3. Whether the Amended Lease Language is Clear and Unambiguous

Landlord contends it cited evidence raising a triable issue as to whether under the lease as amended tenant was obligated to pay landlord rent after August 31, 2006. We agree there were triable issues requiring reversal of summary judgment.

We note that shortly before ruling on tenant’s motion for summary judgment, the trial court denied landlord’s motion for summary adjudication, finding there was a triable issue as to when the lease terminated. Landlord’s motion for summary adjudication was founded in part on the proposition that, even if the lease termination date was disputed, it was undisputed that tenant was obligated under the second and third lease amendments to pay landlord rent after August 31, 2006. The trial court disagreed, concluding there were triable issues as to the termination date of the lease.

Unfortunately, the trial court was persuaded otherwise when ruling on tenant’s subsequent motion for summary judgment, which was founded on the theory that the lease amendments did not change the original lease termination date of August 31, 2006, and therefore tenant was not obligated to pay any rent after that date. The trial court’s initial inclination was to deny summary judgment on the same grounds it had recently denied landlord’s summary adjudication motion, but was persuaded during oral argument to change its mind and grant summary judgment.

During the hearing on tenant’s motion for summary judgment, the trial court astutely asked tenant’s attorney, “If I were to grant your motion based on the argument in your reply and in your motion and adopt your reasoning and to sustain the objection which you made to the documents that seek to add to or vary the terms of the contract that are offered by the plaintiff, might not an appellate court say something akin to the following: How can the Court say that the language of this contract is clear and explicit without saying the court simply chooses to ignore the language in the second and third amendment that provides for additional lease payments in the case of the second amendment one year beyond the defendant’s claimed expiration date of the lease, and in the case of the second amendment, two years beyond the date of the claimed expiration of the lease[?] [¶] How do you respond to that? Is the court simply to ignore that language and say we’ll take that out and say everything else is clear and explicit?”

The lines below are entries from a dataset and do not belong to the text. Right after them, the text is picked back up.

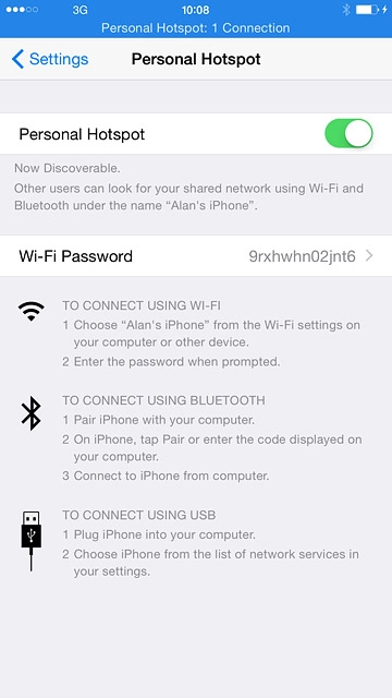 Press the indicator next to"Personal Hotspot" until the function is turned on.
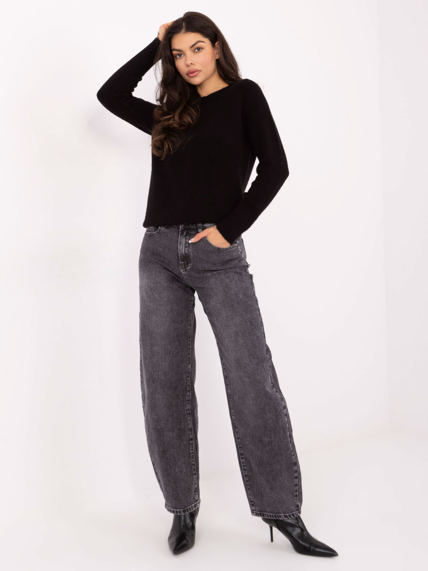 Czarny klasyczny sweter z okrągłym dekoltem .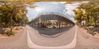A fish-eye view of a bridge in Berlin, Germany. Cars drive underneath the bridge, with the city's architecture and autumn foliage in the background. The sunlight casts a warm glow on the road and creates long shadows. A picturesque scene of urban life in Europe.

Tenant’s attorney, Jason Gless, responded that “there is a simple explanation for it.” Gless explained that section 4.1 of the lease contained the actual requirement for paying rent and that provision stated that rent was to be paid on the first of each month through the term of the lease. When the lease term expired, there was no longer any obligation to pay rent. Gless acknowledged that the second and third amendments amended section 1.8, which stated the minimum rent to be paid in 2007 and 2008, but there was no mention of amending section 4.1 and tenant never exercised the option to extend the lease beyond August 31, 2006, under the addendum lease extension option provision.

Gless thus asserted that it was clear that the language in section 1.8 concerning rent to be paid in 2007 and 2008 was conditional upon landlord exercising its option to extend the lease, which landlord did not do. Based on this reasoning and the tenant’s similar reasoning in the reply brief, the trial court granted summary judgment and excluded all parol evidence concerning the intent of tenant and Bedford when entering into the lease and lease amendments.

In reviewing this summary judgment motion de novo, we must determine whether the lease as amended clearly and unambiguously states that tenant was not obligated to pay landlord rent after August 31, 2006.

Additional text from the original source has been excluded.